The Cedars-Sinai Newsroom recently spoke with Jane Tavyev Asher, MD, director of the Division of Pediatric Neurology at Cedars-Sinai Guerin Children’s, about how screens affect children and teens differently depending on their age, and what parents can do to set healthy boundaries for screen time.

What is the recommended amount of screen time for children in different age groups?

Before the COVID-19 pandemic, the American Academy of Pediatrics had fairly strict guidelines: no screen time at all for children under age 2, and minimal exposure for ages 2 to 5. Ideally, screen time should be under an hour a day. For ages 5 to 11 and older, less than two hours per day.

Since the pandemic shifted much of our education and social lives online, we’ve had to adapt those guidelines a bit. Still, research continues to support limiting screen time to less than two hours a day for older children as well. Exceeding that amount has been associated with increased risks of anxiety, depression and other emotional challenges.

How can excessive screen time affect young children’s developing brains?

The general consensus among developmental pediatricians is that children under age 3 should have little to no screen exposure. That’s because their brains are in a critical stage of development, with key processes like myelination, the biological process that speeds up the nerve transmission to the brain, and neural pathway formation actively taking place.

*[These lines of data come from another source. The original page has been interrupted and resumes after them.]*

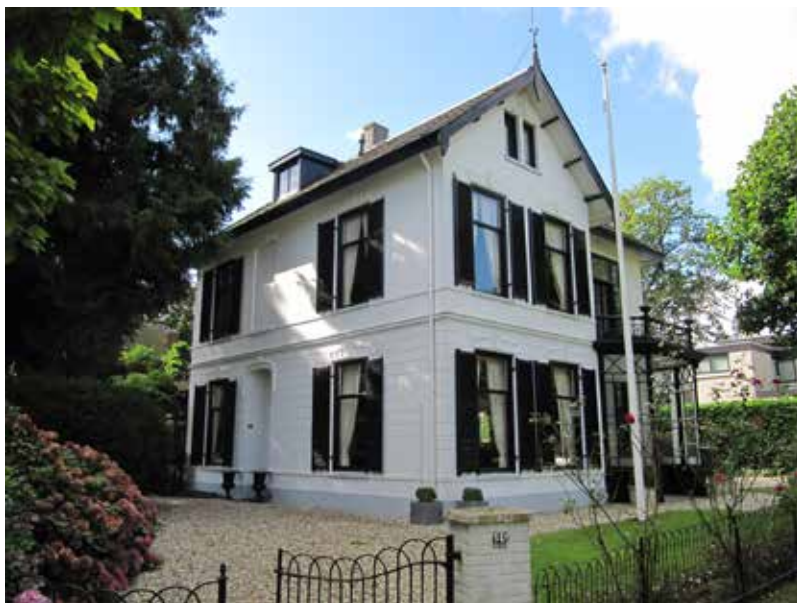
De voormalige burgemeesterswoning aan de Torenlaan 45 in Hilversum.
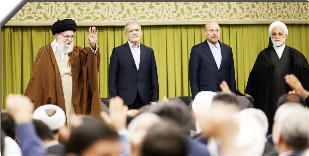
در سایت روزنامه بھوانید

بکارگیری عقل و ایمان، می‌توان از برکات و درس‌های آن در همه دوره‌ها برای ایجاد تحول فکری و عملی و اصلاح مشکلات استفاده کرد.
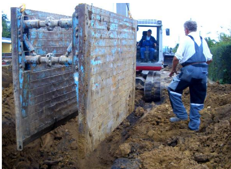
Her den nødvendige afstivning

When a young brain is exposed to too much screen time, it can overstimulate the visual cortex—the part of the brain that processes images—at the expense of the auditory cortex, which is vital for developing social skills and language. Ideally, we want their early learning to be grounded in real-world, interactive face-to-face experiences—not passive viewing.

How does screen time via social media impact brain development in teenagers?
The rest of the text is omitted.